Cardiac mechanical energy and effects on the arterial tree.

Blood flow pulsatility is the result of the heart's activity as a pump unable to develop steady flow, and its interaction with the arterial tree. Thus, the heart is a cyclic energy generator whose adequate function requires the two phases of this cycle to be normal. Diastolic properties determine the degree of filling of the ventricles and the strength of the following systole. Systole, in turn, must generate enough energy to overcome forces opposing ejection. These can be divided into internal (the mechanical characteristics of the ventricle itself) and external loads (the characteristics of the arterial tree). As a result, hydraulic energy is imparted to blood (external ventricular work) that manifests itself as blood pressure and flow.
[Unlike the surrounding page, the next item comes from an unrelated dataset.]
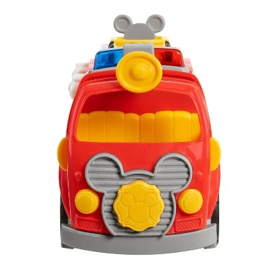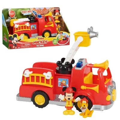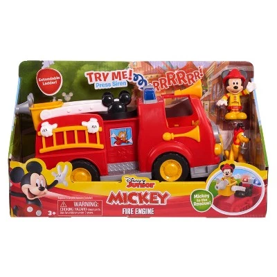 “Mickey’s on the way to save the day” with this lights and sounds fire engine inspired by Disney Junior’s Mickey Mouse Clubhouse Adventures. Featuring fun Mickey phrases and real fire engine and water sound effects, the Helping Hands Fire Engine also includes one 3” articulated Mickey Mouse figure and one Pluto figure. Kids can place Mickey and Pluto in the cabin and roll into any adventure. Place Mickey in the ladder basket and pretend to put out the fire. Pluto is right by his side holding a bucket of water to help. Press the siren on the top of the truck and watch it light up. The realistic siren sound effects and Mickey Mouse phrases help to bring kids’ imaginations to life. Requires 2 x AA batteries (included). Ages 3+

Given the cyclic nature of cardiac activity, the external ventricular work has steady and pulsatile components. The steady component is energy lost during steady flow because of vascular resistance, and the pulsatile work is that lost in arterial pulsations and mainly depends on the aortic impedance. Thus, the characteristics of the arterial tree will determine the relative contribution of these two components to blood flow and the efficency of the heart. In addition, the arterial tree modifies the different waves (pressure and flow) traveling in the circulation. These modifications have important consequences for cardiac function. The ventricle and the arterial tree constitute a coupled biological system, and its overall performance is a function of the behavior of each unit at any given moment.